Recorded information.
━━━━━━━━━━━━━━━━━━━━

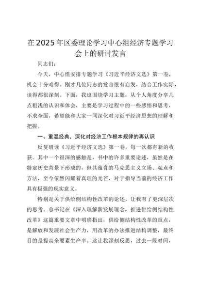 【七哥公文】2025年:在2025年区委理论学习中心组经济专题学习会上的研讨发言(1)+更多免费公文+VX:QiGeGongWen2024
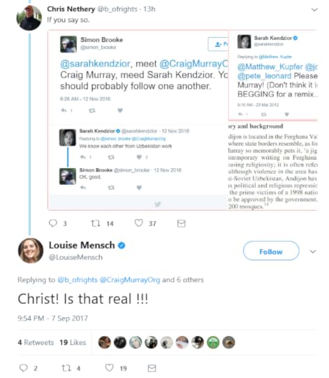 Louise has taken up online with one of the crazed self-styled security experts who is jumping on the anti-Russian bandwagon in the United States, named Chris Nethery. Mr Nethery believes and has convinced Ms Mensch (so far as I can judge) that Sarah Kendzior, Uzbek opposition leader Mohammed Solih and I are members of a Russian intelligence cell which is undermining America. Those tweets appear to the rather strange mind of Ms Mensch to prove compelling evidence of this.
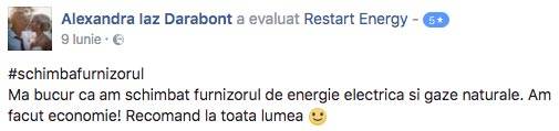 Un prieten mi-a vorbit despre Restart Energy. Pentru mine, prețul a fost un element hotărâtor în alegerea de a-mi schimba furnizorul de energie. Am ales această firmă pentru că îmi inspiră încredere. Facturarea este corectă și punctuală lună de lună. Recomand schimbarea furnizorului!
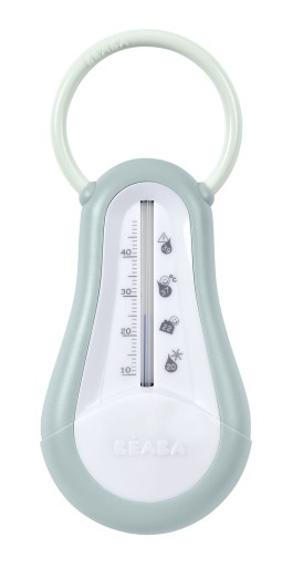Termometr francuskiej marki BEABA przeznaczony do mierzenia temperatury wody do kąpieli maluszków. Jest wyjątkowo wygodny w użyciu - unosi się na wodzie, ma wyraźną, czytelną skalę i dodatkowe oznaczenia, pozwalające natychmiast zorientować się czy temperatura wody jest optymalna dla dziecka. Jego zaokrąglony kształt sprawia, że jest całkowicie bezpieczny dla dziecka – nie ma ryzyka skaleczenia. Termometr posiada ponadto praktyczny uchwyt do zawieszania w łazience lub zamocowania w kosmetyczce maluszka.
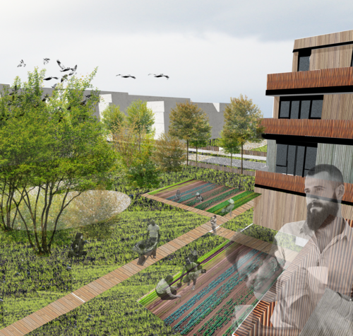 sur le territoire ? Pour répondre à cela, j'ai établi un projet à l’échelle du Grand Paysage sur ce thème, puis me suis intéressée aux problématiques d’échelle urbaine sur le territoire, et ai pris le parti de lier deux quartiers monofonctionnels par un quartier durable inscrit dans la
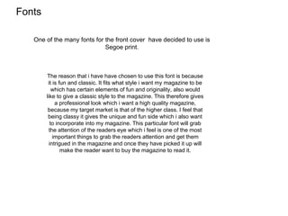 The document discusses font and color scheme choices for different elements of a music magazine, including the cover, contents page, and double-page spread. For the cover, the font Segoe Print was chosen to give a classic, fun style that appeals to the target market of older, higher-class readers. The contents page and double-page spread use consistent fonts and color schemes to provide uniformity throughout the magazine. The color scheme aims to be subtly eye-catching rather than bright like other pop magazines, using lighter pinks and purples to appeal to an older female audience.
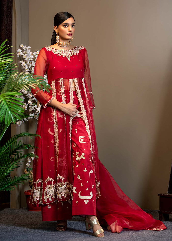Description: maroon organza Fornt open Frock shows eastern look with heavy embroidery and hand work with pearls,sitara,gota,etc on borders and sleeves and body
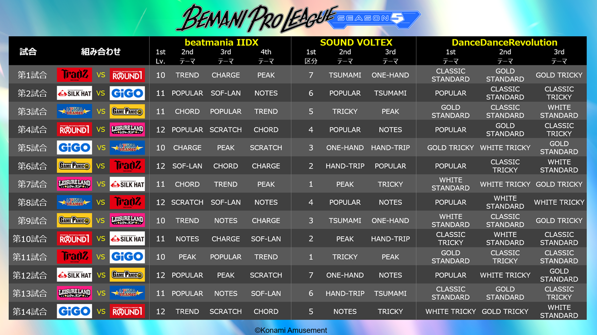 『BEMANI PRO LEAGUE -SEASON 5-』の3タイトルそれぞれの7チームに所属する選手が選出された。総勢84名の選手たちの活躍に期待しよう。

━━━━━━━━━━━━━━━━━━━━

What is required. The lines from the start of the data through the line that contains "Un prieten mi-a" are to be returned exactly, please, with both ends included and every picture left out.

Task output.
 【七哥公文】2025年:在2025年区委理论学习中心组经济专题学习会上的研讨发言(1)+更多免费公文+VX:QiGeGongWen2024
 Louise has taken up online with one of the crazed self-styled security experts who is jumping on the anti-Russian bandwagon in the United States, named Chris Nethery. Mr Nethery believes and has convinced Ms Mensch (so far as I can judge) that Sarah Kendzior, Uzbek opposition leader Mohammed Solih and I are members of a Russian intelligence cell which is undermining America. Those tweets appear to the rather strange mind of Ms Mensch to prove compelling evidence of this.
 Un prieten mi-a vorbit despre Restart Energy. Pentru mine, prețul a fost un element hotărâtor în alegerea de a-mi schimba furnizorul de energie. Am ales această firmă pentru că îmi inspiră încredere. Facturarea este corectă și punctuală lună de lună. Recomand schimbarea furnizorului!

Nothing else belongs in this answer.